▸ **About this task**:
Images in the data are to be skipped, while every line is restated exactly as written.
=== Begin Enclosure ===
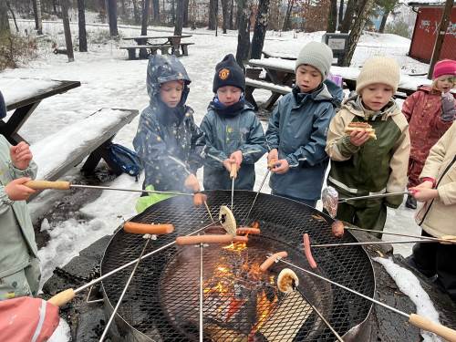 Vi har også hatt innholdsrike dager på uteskole med sol, regn, sludd og snø - været er ingen hindring for oss på 1.trinn!
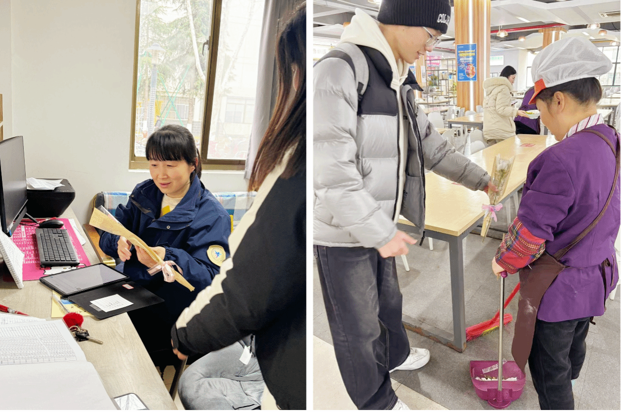 随后,志愿者们将自己的花束赠送给学校各岗位一线员工,向他们致以崇高的敬意。这一举动不仅让一线员工感受到了来自志愿者的温暖和关怀,也进一步弘扬了雷锋精神,传递了正能量。
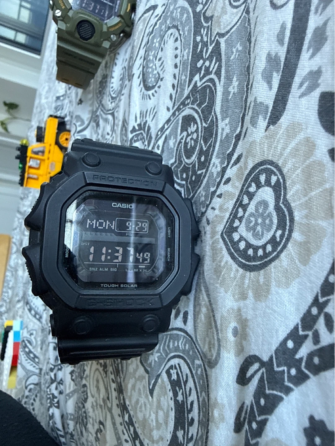 Selling a Casio G-Shock watch. It's in good condition and ready for a new wrist! It has the classic G-Shock look and is known for being tough and durable. GX56BB Black color Pickup is from Oakville. Cash.
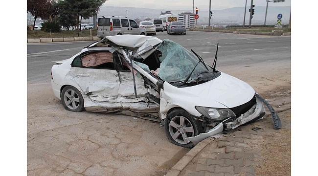 Elazığ'da tır ile otomobilin çarpışması sonucu meydana gelen kazada, otomobil kağıt gibi ezilerek hurdaya döndü. Kazada sürücü yaralandı.
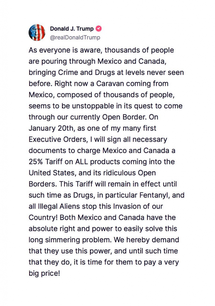 On January 20, President-Elect Trump will implement a 25% tariff on all products imported from Canada and Mexico. This decision is driven by concerns over the influx of illegal immigration and drug trafficking, particularly the flow of fentanyl, which has been linked to approximately 100,000 deaths annually in the U.S.
=== End Enclosure ===
▸ **Response box**:
 Vi har også hatt innholdsrike dager på uteskole med sol, regn, sludd og snø - været er ingen hindring for oss på 1.trinn!
 随后,志愿者们将自己的花束赠送给学校各岗位一线员工,向他们致以崇高的敬意。这一举动不仅让一线员工感受到了来自志愿者的温暖和关怀,也进一步弘扬了雷锋精神,传递了正能量。
 Selling a Casio G-Shock watch. It's in good condition and ready for a new wrist! It has the classic G-Shock look and is known for being tough and durable. GX56BB Black color Pickup is from Oakville. Cash.
 Elazığ'da tır ile otomobilin çarpışması sonucu meydana gelen kazada, otomobil kağıt gibi ezilerek hurdaya döndü. Kazada sürücü yaralandı.
 On January 20, President-Elect Trump will implement a 25% tariff on all products imported from Canada and Mexico. This decision is driven by concerns over the influx of illegal immigration and drug trafficking, particularly the flow of fentanyl, which has been linked to approximately 100,000 deaths annually in the U.S.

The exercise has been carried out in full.